An important property of all of these results is that the error for normal and tangent is the same. Because we are encoding a rotation, all axes of that rotation suffer equally under quantization. I’m going to make an empirical observation/argument that what we want here is a slightly asymmetric encoding: a lower error for normals may be desirable. Intuitively, changing the tangent direction affects the rotation of the extra normal map features whereas changing the normal direction affects lighting even if the normal map is flat; in addition, on densely tessellated meshes where normal quantization is more likely to produce visible artifacts, you’re less likely to have a meaningful normal map. Finally, if the normal map is not flat, the quality of the normals in the normal map is also subject to quantization artifacts; although BC5 could have up to ~11 bits per channel of effective precision depending on the block, so sometimes tangent encoding may still be a limiting factor.

I guess my point is: are you really going to notice if the tangent vector is rotated by a fraction of a degree? Let’s assume you won’t.

Tangent angle encoding

This is likely an older technique, but the earliest concrete reference I could find was in Rendering the Hellscape of DOOM Eternal, slide 35, and it proceeds as follows: let’s encode the normal as a unit vector, for which we already know to use octahedron encoding. Given a normal vector, we can construct an arbitrary orthogonal basis; tangent vector lies in the resulting plane and can be expressed as a single 2D rotation angle.

DOOM encodes all three components (two normal components and tangent angle) in a byte each; this is a little below our quality bar. But the important part here is that this allows us to vary the bit count we use for normal components independently from the tangent angle to hit our 32-bit limit.
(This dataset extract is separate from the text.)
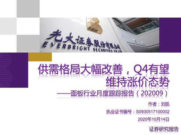 【光大证券】【20201014】面板行业月度跟踪报告(202009):供需格局大幅改善,Q4有望维持涨价态势-26页 行业研究
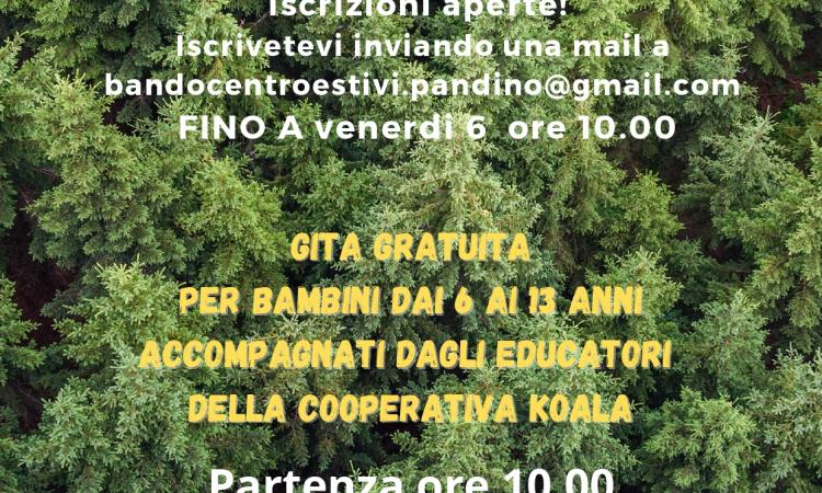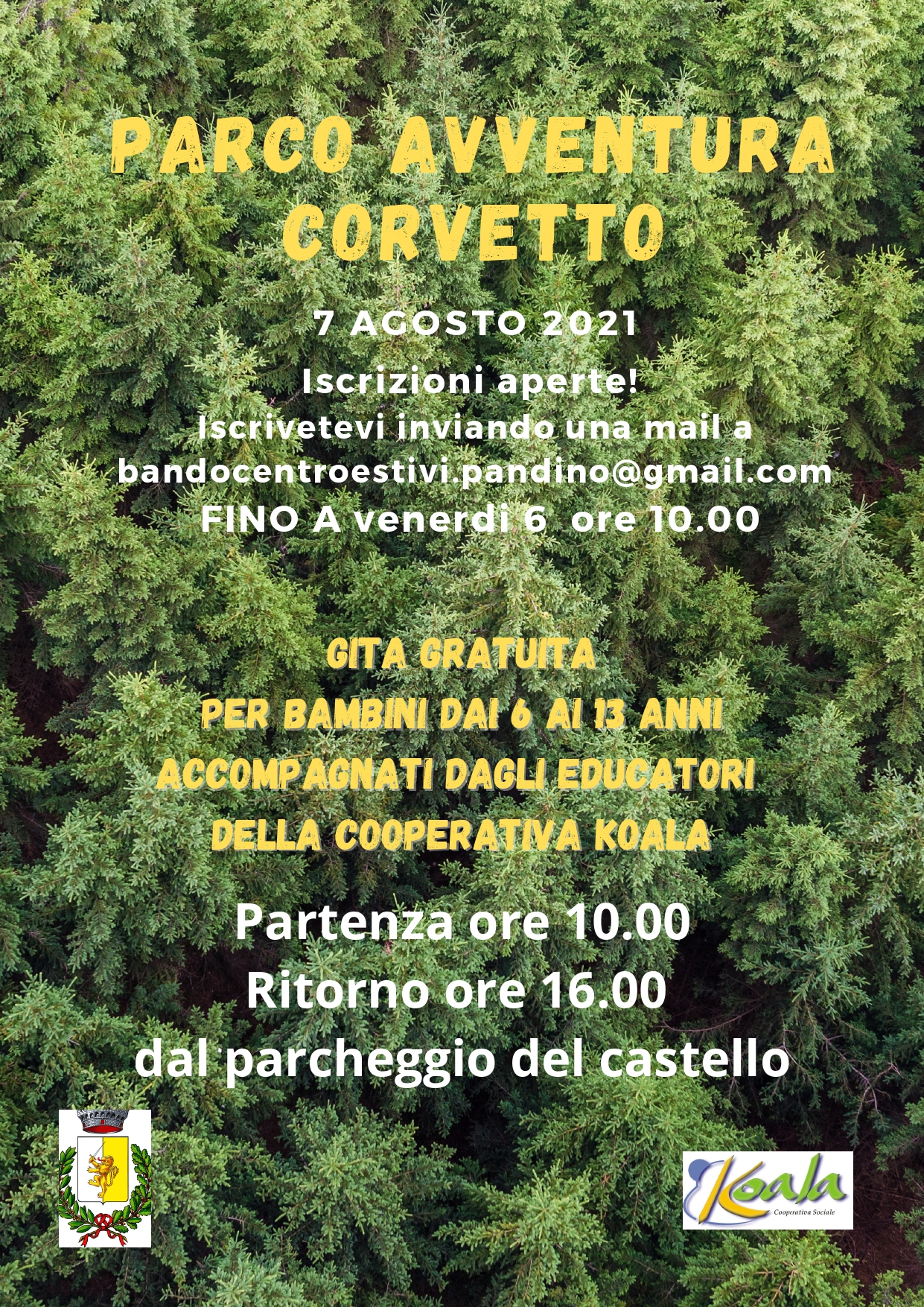 PER LA GITA AL PARCO AVVENTURA CORVETTO, APERTA ANCHE AI NON FREQUENTANTI IL CENTRO ESTIVO COMUNALE E PROGRAMMATA PER SABATO 7 AGOSTO (DALLE 10:00 ALLE 16:00 - FASCIA D'ETÀ: 6-13 ANNI), È NECESSARIO PRENOTARE INVIANDO UNA MAIL ENTRO LE ORE 10;00 DI VENERDÌ 6 AGOSTO AL SEGUENTE INDIRIZZO: bandocentriestivi.pandino@

Which basis should you use? It does not seem to matter that much. DOOM uses a pretty basic construction that’s a subset of Hughes-Möller; for an overview of older methods I recommend Perpendicular possibilities. The current state of the art seems to be Duff’s modification of Frisvad basis construction, described in Building an Orthonormal Basis, Revisited; it only has a single point of discontinuity and is pretty cheap to reconstruct.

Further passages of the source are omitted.